▶ [Raw data]
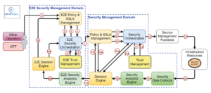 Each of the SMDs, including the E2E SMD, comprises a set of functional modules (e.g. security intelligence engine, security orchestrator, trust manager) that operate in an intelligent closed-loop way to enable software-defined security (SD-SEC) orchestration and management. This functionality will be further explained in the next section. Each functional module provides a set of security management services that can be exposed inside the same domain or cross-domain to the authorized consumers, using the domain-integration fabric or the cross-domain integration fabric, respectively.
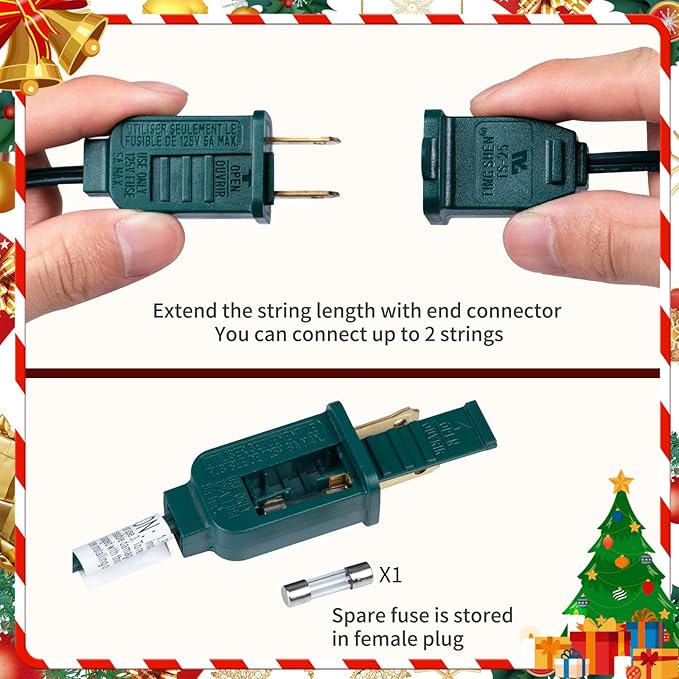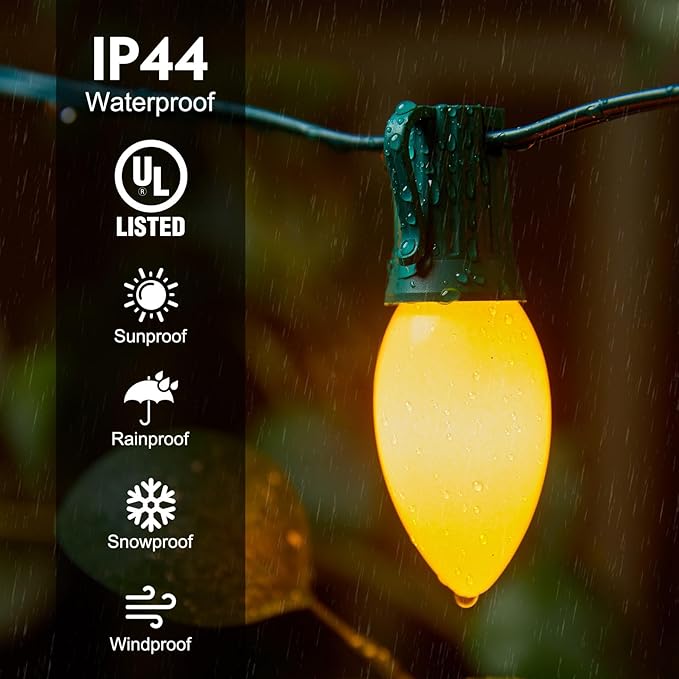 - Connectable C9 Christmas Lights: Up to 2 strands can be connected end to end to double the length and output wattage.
...
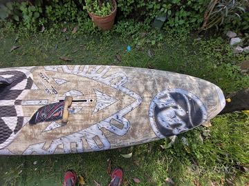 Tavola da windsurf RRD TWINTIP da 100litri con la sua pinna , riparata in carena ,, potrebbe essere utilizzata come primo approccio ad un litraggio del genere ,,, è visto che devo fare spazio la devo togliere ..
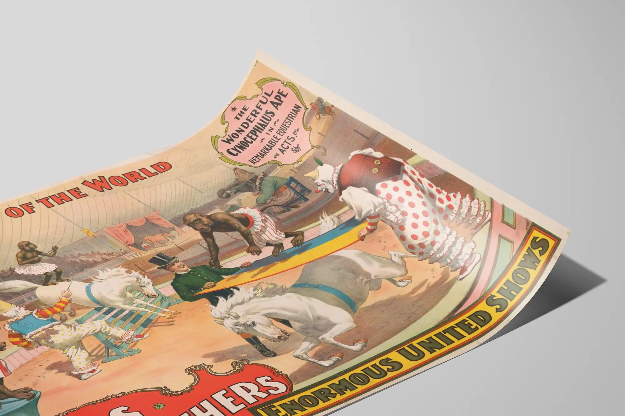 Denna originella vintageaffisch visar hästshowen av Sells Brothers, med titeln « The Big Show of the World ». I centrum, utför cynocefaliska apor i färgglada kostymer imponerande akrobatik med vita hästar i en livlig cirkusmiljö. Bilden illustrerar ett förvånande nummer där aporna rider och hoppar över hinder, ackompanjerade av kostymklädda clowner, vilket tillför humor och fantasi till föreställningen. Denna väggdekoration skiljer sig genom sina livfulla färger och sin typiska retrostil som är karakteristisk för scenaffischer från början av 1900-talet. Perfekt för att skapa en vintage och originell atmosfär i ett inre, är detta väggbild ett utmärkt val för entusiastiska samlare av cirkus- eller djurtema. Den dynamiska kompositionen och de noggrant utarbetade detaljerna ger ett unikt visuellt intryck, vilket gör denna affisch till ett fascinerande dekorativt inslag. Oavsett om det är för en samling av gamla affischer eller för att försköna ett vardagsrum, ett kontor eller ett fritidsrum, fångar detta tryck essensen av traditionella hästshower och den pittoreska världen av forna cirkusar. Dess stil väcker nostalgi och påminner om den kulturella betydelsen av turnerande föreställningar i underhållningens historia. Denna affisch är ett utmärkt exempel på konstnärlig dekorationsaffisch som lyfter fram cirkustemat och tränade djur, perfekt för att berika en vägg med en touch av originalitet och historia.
==
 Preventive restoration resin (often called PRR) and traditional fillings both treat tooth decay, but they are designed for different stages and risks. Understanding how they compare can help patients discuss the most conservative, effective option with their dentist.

▶ [What to produce] Now transcribe the lines above exactly, starting at the line containing "Each of the" and ending at the line containing "- Connectable C9", both lines included, pictures excluded.

▶ [Answer space]
 Each of the SMDs, including the E2E SMD, comprises a set of functional modules (e.g. security intelligence engine, security orchestrator, trust manager) that operate in an intelligent closed-loop way to enable software-defined security (SD-SEC) orchestration and management. This functionality will be further explained in the next section. Each functional module provides a set of security management services that can be exposed inside the same domain or cross-domain to the authorized consumers, using the domain-integration fabric or the cross-domain integration fabric, respectively.
 - Connectable C9 Christmas Lights: Up to 2 strands can be connected end to end to double the length and output wattage.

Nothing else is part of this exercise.